Source DF Type I SS Mean Square F Value Pr > F
x 1 69.93302 69.93302 49.56 <.0001
w 1 50.74898 50.74898 35.96 <.0001
xsq 1 86.93936 86.93936 61.61 <.0001
XW 1 233.99894 233.99894 165.83 <.0001
XSQW 1 60.75024 60.75024 43.05 <.0001
### So this Type I SS table says strongly that every term
entered into the model was HIGHLY SIGNIFICANT AT THE POINT WHERE
IT WAS ENTERED INTO THE MODEL, although we know that not all
of these terms should be needed in the final model.
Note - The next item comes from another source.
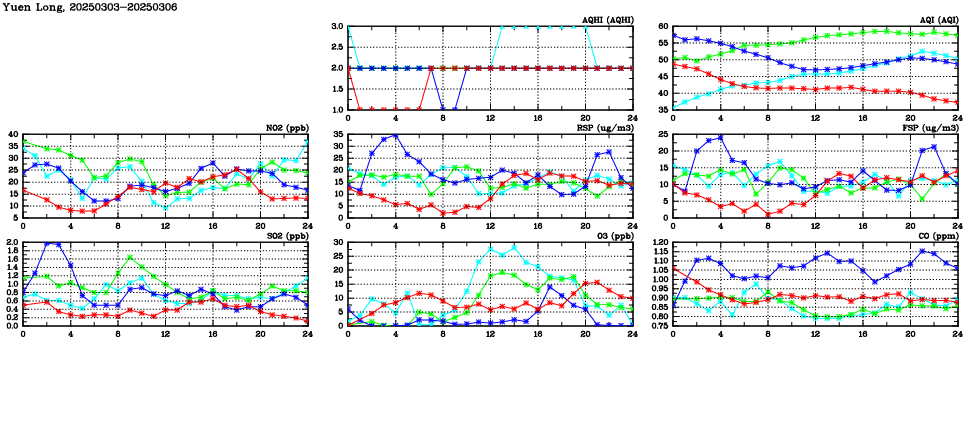 | Air Quality Data Time Series in Yuen Long (2025/03/06) | ( Line colors: Day -3 Day -2 Day -1 Current day ) | 2D Map Current AQHI |

Dependent Variable: y : Type III SS
### The table of coefficient estimates, standard errors and t-ratios
with p-values is produced by either PROC REG or PROC GLM.
Standard
Parameter Estimate Error t Value Pr > |t|
Intercept 3.1139 0.10385 29.99 <.0001
x 1.5485 0.27164 5.70 <.0001
w -0.0815 0.17448 -0.47 0.6406
xsq -0.8639 0.11220 -7.70 <.0001
XW -0.0055 0.49145 -0.01 0.9911
XSQW 1.5887 0.24214 6.56 <.0001
### Here we can see that x, xsq, and xsqw in the final model including
all terms are super-significant, but that W and XW are not
significant at all: we know this to be true from the simulation
code.
### The Type III ANOVA table (produced by PROC GLM) gives information
essentially like that of the standardized coefficient estimators,
which tell whether a specific coefficient is significantly
different from 0 when all other terms have already been entered
into the model. Indeed, the F Value column is exactly equal to
the square of the t-value column from the previous table of
standardized coefficient estimators, so it is not surprising that
the corresponding p-values are exactly equal.
Source DF Type III SS Mean Square F Value Pr > F
x 1 45.85473 45.85473 32.50 <.0001
w 1 0.30788 0.30788 0.22 0.6406
xsq 1 83.65504 83.65504 59.28 <.0001
XW 1 0.00017 0.00017 0.00 0.9911
XSQW 1 60.75024 60.75024 43.05 <.0001
### This log shows that we want to look both for individual
### coefficients being significant in the final model, but
### also whether variables IN THE ORDER ENTERED contributed
### to a noticeable reduction in RSS.
## Generally we will not include a higher-order term unless the
lower-order terms made of the same ingredients are also included,
but as you can see here that may result in some terms iwht
negligible coefficients being kept !!